Once that's out the way, let's go ahead and import all that we need.

### Install any necessary packages ⬇️

In [1]:
!pip install openpyxl



### Import whatever you need 👇

In [2]:
import io
import requests
import uuid
from datetime import datetime
from random import choice, randint, sample
from time import sleep
from xml.etree import ElementTree as ET

import pandas as pd
import pytz

### Set up some helpful constants that we'll use below 🤘

In [21]:
# You can find this by navigating to https://kc.kobotoolbox.org/token
TOKEN = '<TOKEN>'

In [4]:
KC_URL = 'https://kc.kobotoolbox.org'
KF_URL = 'https://kf.kobotoolbox.org'

ASSET_UID = 'aLmmfWSAUNamKwiSTcVSis'

DATA_URL = f'{KF_URL}/api/v2/assets/{ASSET_UID}/data'
XML_URL = f'{DATA_URL}.xml'
SUMISSION_URL = f'{KC_URL}/api/v1/submissions'

HEADERS = {
    'Authorization': f'Token {TOKEN}'
}
PARAMS = {
    'format': 'json'
}

## Let's create some random submission data 🎉

![](https://media.giphy.com/media/xT9C25UNTwfZuk85WP/giphy.gif)

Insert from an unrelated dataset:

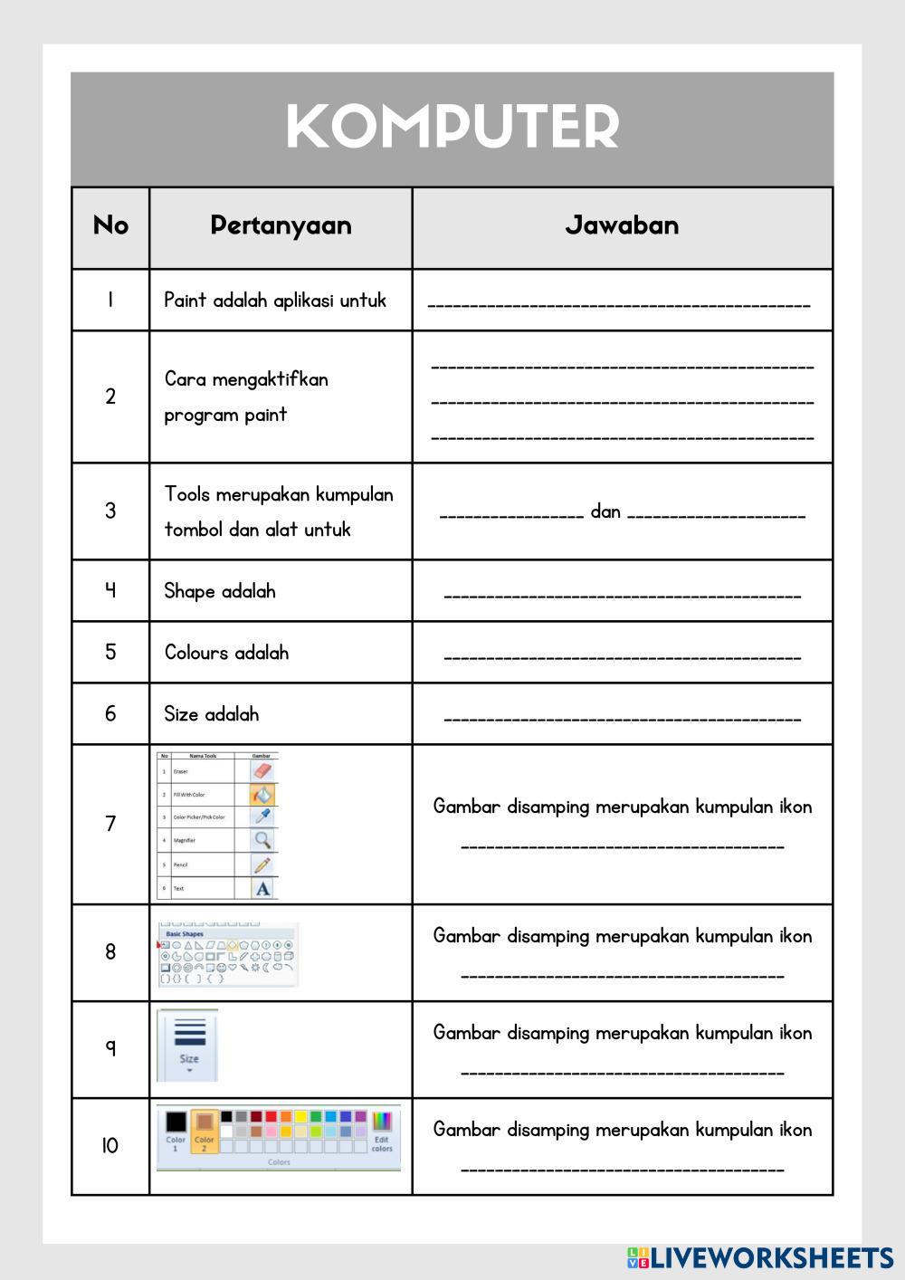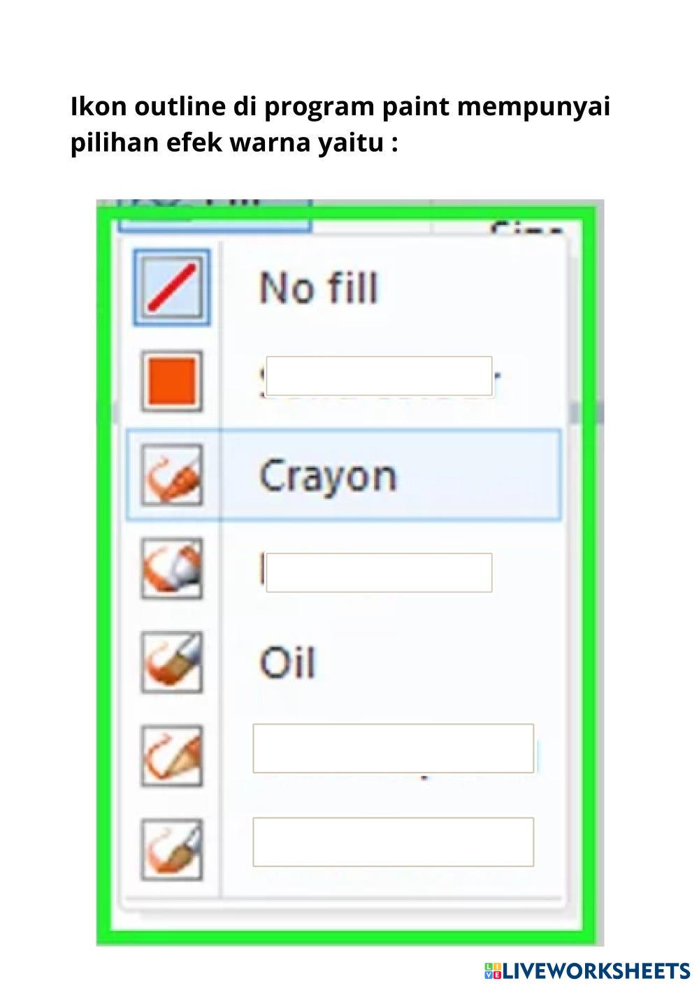 Created byAnna Pertiwi Computer Ms Paint Age 8-12 level: 2 Indonesian Author's Instructions My Google Classroom Courses × 0 classes selected (0 students total) Quick Access Select all classes (0 classes) All Classes Loading courses... Cancel Share Share to selected Course __COURSE_NAME__ __STUDENT_NAME__ (__STUDENT_EMAIL__) Paint Download Worksheet Validation Check my answers Emails my answers to my teacher Full name Group/level School subject Teacher's email or key code Close Submit Validating worksheet... (12) Your answers have been sent to your teacher. Good luck! OK We encountered an error submitting your answers. Please try again. OK Advertisement | Go Ad Free Created byAnna Pertiwi Computer Ms Paint Age 8-12 level: 2 Indonesian Author's Instructions
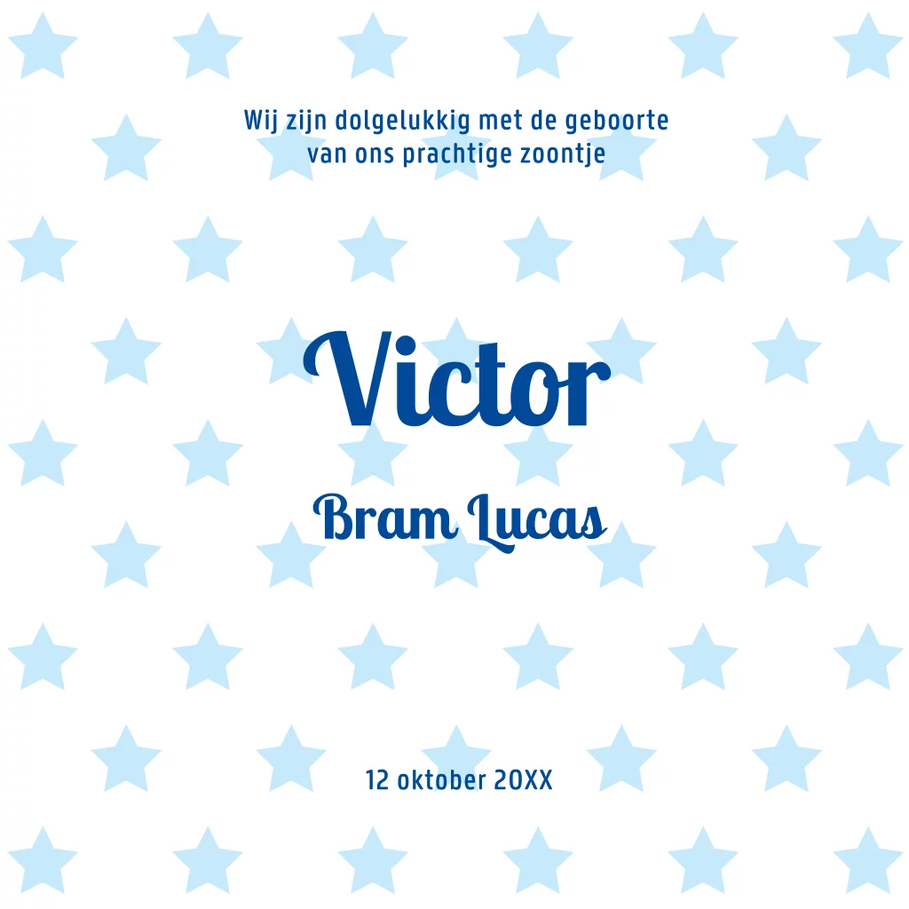 vrolijk geboortekaartje voor Victor met sterren en vrolijke auto

For the purposes of demonstration, let's generate a list of submissions with random names and random choices from the available list of pizza toppings: cheese, pepperoni and saussage.

Those submissions will then be exported into an Excel file so that we have what we need to continue with the walkthrough of submitting data from an Excel spreadsheet.

In [5]:
names_url = 'https://raw.githubusercontent.com/dominictarr/random-name/master/first-names.txt'
names = requests.get(names_url).content.decode().split()
topings = ['cheese', 'pepperoni', 'sausage']

In [6]:
NUBER_OF_SUBMISSIONS = 20
submissions = []
for _ in range(NUBER_OF_SUBMISSIONS):
    submissions.append(
        {
            'name': choice(names),
            'favorite_toppings': ' '.join(sample(topings, randint(1, 3)))
        }
    )

In [7]:
submissions[:10]

[{'name': 'Bunni', 'favorite_toppings': 'sausage'},
 {'name': 'Letisha', 'favorite_toppings': 'sausage pepperoni'},
 {'name': 'Sara', 'favorite_toppings': 'sausage'},
 {'name': 'Michelina', 'favorite_toppings': 'sausage'},
 {'name': 'Rachelle', 'favorite_toppings': 'pepperoni sausage cheese'},
 {'name': 'Louella', 'favorite_toppings': 'sausage pepperoni'},
 {'name': 'Gus', 'favorite_toppings': 'pepperoni cheese sausage'},
 {'name': 'Cacilia', 'favorite_toppings': 'pepperoni cheese sausage'},
 {'name': 'Mae', 'favorite_toppings': 'pepperoni'},
 {'name': 'Margit', 'favorite_toppings': 'cheese pepperoni'}]

In [8]:
subs = pd.DataFrame(submissions)

In [9]:
subs.head()

Unnamed: 0,name,favorite_toppings
0,Bunni,sausage
1,Letisha,sausage pepperoni
2,Sara,sausage
3,Michelina,sausage
4,Rachelle,pepperoni sausage cheese


Export that data into a spreadsheet!

In [10]:
subs.to_excel('submissions.xlsx', index=False)

## Moving on 🚶‍♂️
---

Now that we've got some submission data in an Excel spreadsheet, we can move on with the how to submit it.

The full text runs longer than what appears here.